Gore o Bush

Pocas palabras gozarán en los momentos presentes de más aceptación que la de democracia. Todos pretenden cubrirse con su manto. Pero al tiempo que se universaliza, pierde contornos y no sabemos ya muy bien qué significa. Se predica de sistemas políticos que son, en el fondo, dictaduras encubiertas. Uno tiene la impresión de que, incluso en las naciones de más rancia tradición democrática y que se han tenido siempre como defensoras de las libertades, el juego político ha quedado cautivo de una minoría social, de un grupo privilegiado que mueve los hilos del poder, que monta el escenario en el que al resto sólo le queda, como mucho, interpretar el papel que le han marcado.

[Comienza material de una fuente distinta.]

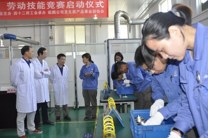 42所下屬湖北航鵬化學動力科技有限責任公司是汽車安全氣囊氣體發生器行業頭部企業,產品成功應用于國內外主流車型。在公司生產車間,只見一個個發生器有條不紊地生產下線,大屏幕對生產過程實時展示,只需要3個人的智能化生產線,實現產品質量信息電子化記錄和100%防錯追溯。

Esta semana se está celebrando en Los Ángeles la convención demócrata. Globos, banderas, pancartas, discursos y, sobre todo, fiestas; fiestas para obtener las aportaciones necesarias para financiar la campaña. Dicen que en los últimos 18 meses habían obtenido ya 22.000 millones de pesetas (25.000 los republicanos) y que esperan alcanzar los 27.000 millones.

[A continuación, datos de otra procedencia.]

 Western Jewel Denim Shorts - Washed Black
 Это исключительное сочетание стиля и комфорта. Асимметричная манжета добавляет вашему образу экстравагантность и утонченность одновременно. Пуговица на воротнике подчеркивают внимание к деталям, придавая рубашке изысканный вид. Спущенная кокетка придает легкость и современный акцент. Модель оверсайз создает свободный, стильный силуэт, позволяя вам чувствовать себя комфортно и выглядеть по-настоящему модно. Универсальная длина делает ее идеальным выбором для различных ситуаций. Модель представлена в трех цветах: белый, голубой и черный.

Quien paga, manda. Ahí radica el gran sistema político americano, paradigma de libertad y democracia. Los candidatos y políticos están desde el origen hipotecados a quienes les han financiado la campaña: bancos, compañías de seguros, holdings, grandes empresarios, industriales de distintos sectores, sindicatos, despachos de profesionales y un largo etcétera. Cada uno con sus demandas corporativas y dispuestos a pasar más tarde factura.

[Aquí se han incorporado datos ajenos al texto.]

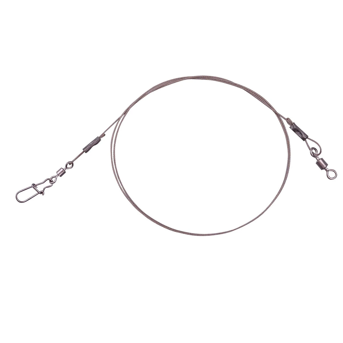 Ultra zachte RVS camouflage bruine 7×7 staaldraad zonder coating om extra flexibiliteit en soepelheid te waarborgen. Dit onderlijn materiaal is extreem schuurbestendig en kinkt niet. Ook hier is er natuurlijk gekozen voor een gecrimpte, triple-lock bevestiging van zowel de wartel als de snap.
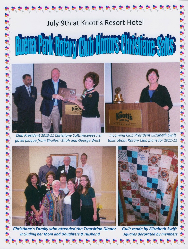Christiane Salts is Rotarian of the Year for Buena Park for 2012-13. She will be honored Oct 12th
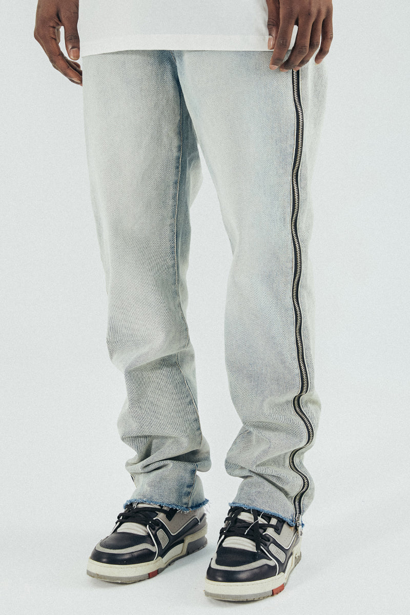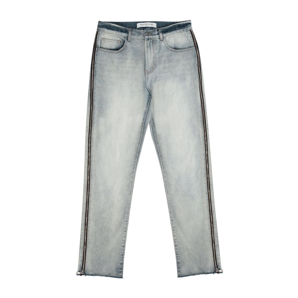 Raw Edge Side Bone Zipper Straight Denim

Puede resultar extraño, pues, que las únicas reivindicaciones no satisfechas sean las de las clases bajas que carecen de recursos económicos y, por tanto, de capacidad de comprar a políticos y partidos? O, dicho de otra manera, ¿puede sorprendernos que el régimen americano gire exclusivamente alrededor de dos formaciones políticas bastante similares, y que no estarán dispuestas en ningún caso a perjudicar lo más mínimo los intereses del poder económico? La izquierda ha desaparecido o al menos ha sido obligada a recluirse fuera del sistema, al margen de los canales oficiales, y sólo parcialmente emerge de vez en cuando protestando en la calle. Eso sí, rodeada, tal como ocurrió en Seattle, en Filadelfia y ahora en Los Ángeles, de tantos policías como manifestantes.

Más de la mitad de la población vive de espaldas a la política, convencida de que, sean cuales sean los resultados electorales, apenas si tendrán impacto en sus vidas. Han presenciado cómo la alternancia de republicanos y demócratas no ha variado esa tendencia perversa de aumentar progresivamente la desigualdad en la distribución de la riqueza y la renta. Intuyen la farsa que el entramado político representa y se sienten impotentes de modificar un ápice un sistema perfectamente amarrado y cerrado. Gore o Bush… ¡qué más da!

Se puede llamar a esto democracia? ¿Puede convertirse tal sistema en el paradigma a imitar por el resto del mundo? Hoy más que nunca la concentración de poder económico y las desigualdades en los niveles de vida colocan en un brete el concepto clásico de democracia. O la democracia se adapta a la nueva situación o estará condenada a ser una cáscara huera, un manto con el que cubrir y esconder las vergüenzas y desafueros de una oligarquía.